Span requested from the data below: the line with "Pressure gauge to" through the line with "A Lima 240 és", both included. Give only these lines again, exactly, and leave every picture out.

Given records:
============

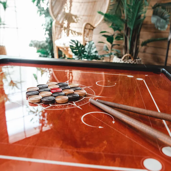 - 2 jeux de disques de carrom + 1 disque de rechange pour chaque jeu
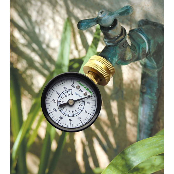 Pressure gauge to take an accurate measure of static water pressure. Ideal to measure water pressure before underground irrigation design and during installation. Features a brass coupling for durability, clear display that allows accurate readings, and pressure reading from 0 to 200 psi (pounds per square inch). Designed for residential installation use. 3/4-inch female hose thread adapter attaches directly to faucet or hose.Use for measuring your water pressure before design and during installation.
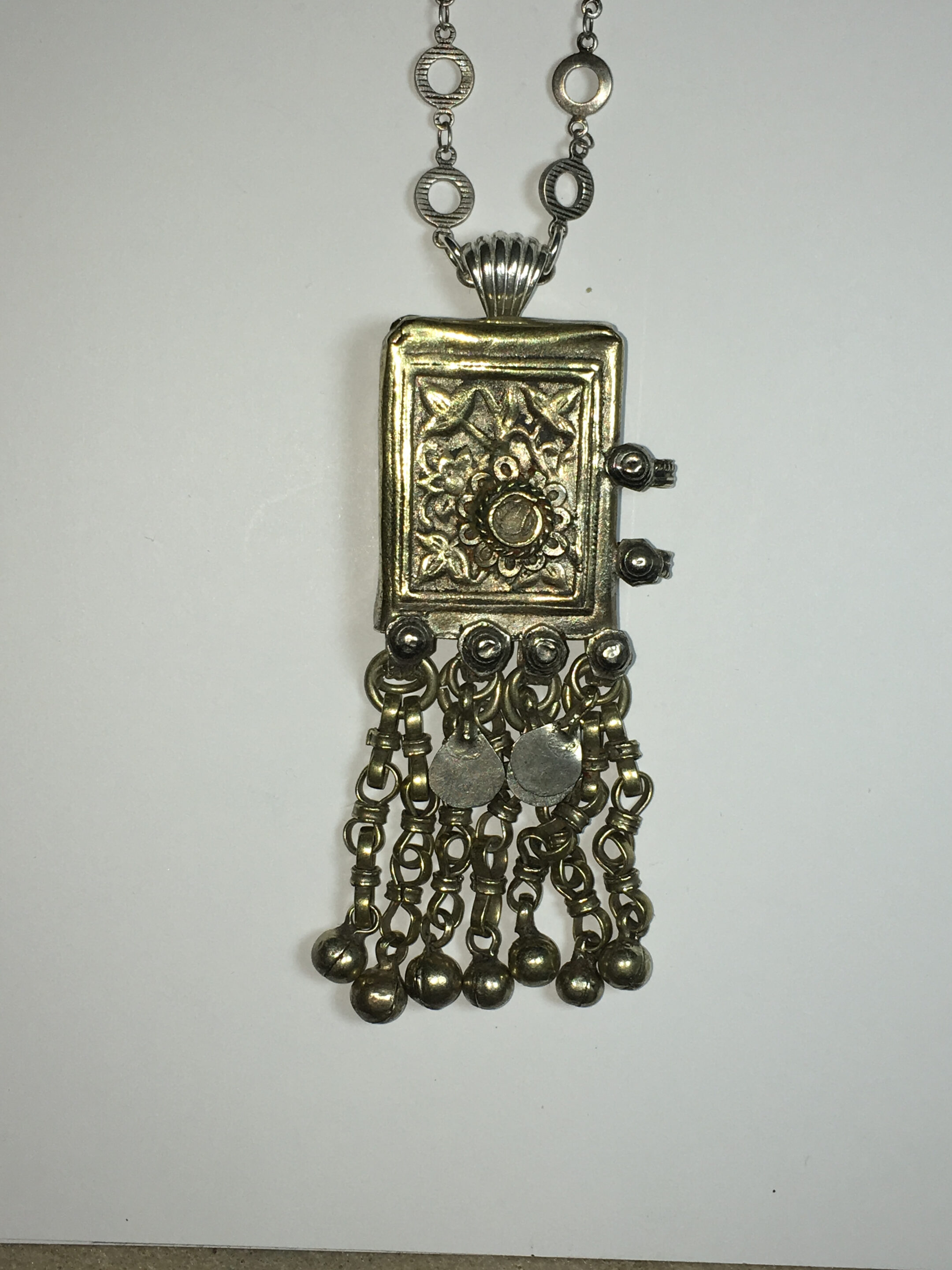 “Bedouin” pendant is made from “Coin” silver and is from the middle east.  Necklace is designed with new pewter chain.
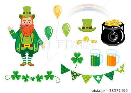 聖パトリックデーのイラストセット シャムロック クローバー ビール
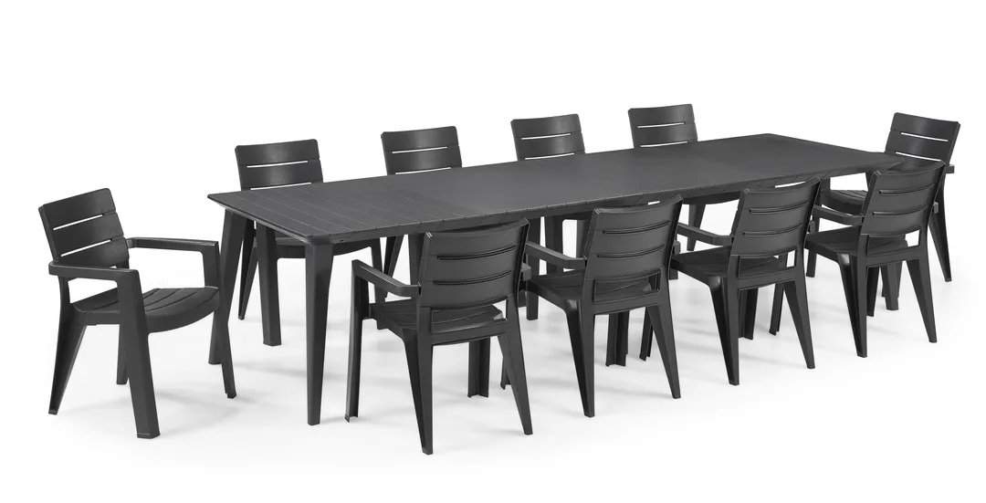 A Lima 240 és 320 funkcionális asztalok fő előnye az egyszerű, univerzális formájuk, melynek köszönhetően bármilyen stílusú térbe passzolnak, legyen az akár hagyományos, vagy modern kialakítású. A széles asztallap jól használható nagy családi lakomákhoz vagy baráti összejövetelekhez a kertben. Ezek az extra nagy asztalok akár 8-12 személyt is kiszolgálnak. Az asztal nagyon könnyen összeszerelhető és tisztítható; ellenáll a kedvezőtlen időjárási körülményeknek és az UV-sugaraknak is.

============

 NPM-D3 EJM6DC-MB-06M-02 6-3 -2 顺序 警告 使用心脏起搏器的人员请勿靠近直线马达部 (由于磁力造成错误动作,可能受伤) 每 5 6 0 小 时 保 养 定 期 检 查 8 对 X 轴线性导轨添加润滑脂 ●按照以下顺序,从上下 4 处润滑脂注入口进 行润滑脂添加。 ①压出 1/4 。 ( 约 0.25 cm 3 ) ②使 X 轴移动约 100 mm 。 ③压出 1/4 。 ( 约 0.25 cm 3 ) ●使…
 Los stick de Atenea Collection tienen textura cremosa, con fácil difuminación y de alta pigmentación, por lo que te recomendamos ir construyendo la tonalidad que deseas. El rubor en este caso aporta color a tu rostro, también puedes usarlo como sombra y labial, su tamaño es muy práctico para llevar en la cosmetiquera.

============

Response area:
 Pressure gauge to take an accurate measure of static water pressure. Ideal to measure water pressure before underground irrigation design and during installation. Features a brass coupling for durability, clear display that allows accurate readings, and pressure reading from 0 to 200 psi (pounds per square inch). Designed for residential installation use. 3/4-inch female hose thread adapter attaches directly to faucet or hose.Use for measuring your water pressure before design and during installation.
 “Bedouin” pendant is made from “Coin” silver and is from the middle east.  Necklace is designed with new pewter chain.
 聖パトリックデーのイラストセット シャムロック クローバー ビール
 A Lima 240 és 320 funkcionális asztalok fő előnye az egyszerű, univerzális formájuk, melynek köszönhetően bármilyen stílusú térbe passzolnak, legyen az akár hagyományos, vagy modern kialakítású. A széles asztallap jól használható nagy családi lakomákhoz vagy baráti összejövetelekhez a kertben. Ezek az extra nagy asztalok akár 8-12 személyt is kiszolgálnak. Az asztal nagyon könnyen összeszerelhető és tisztítható; ellenáll a kedvezőtlen időjárási körülményeknek és az UV-sugaraknak is.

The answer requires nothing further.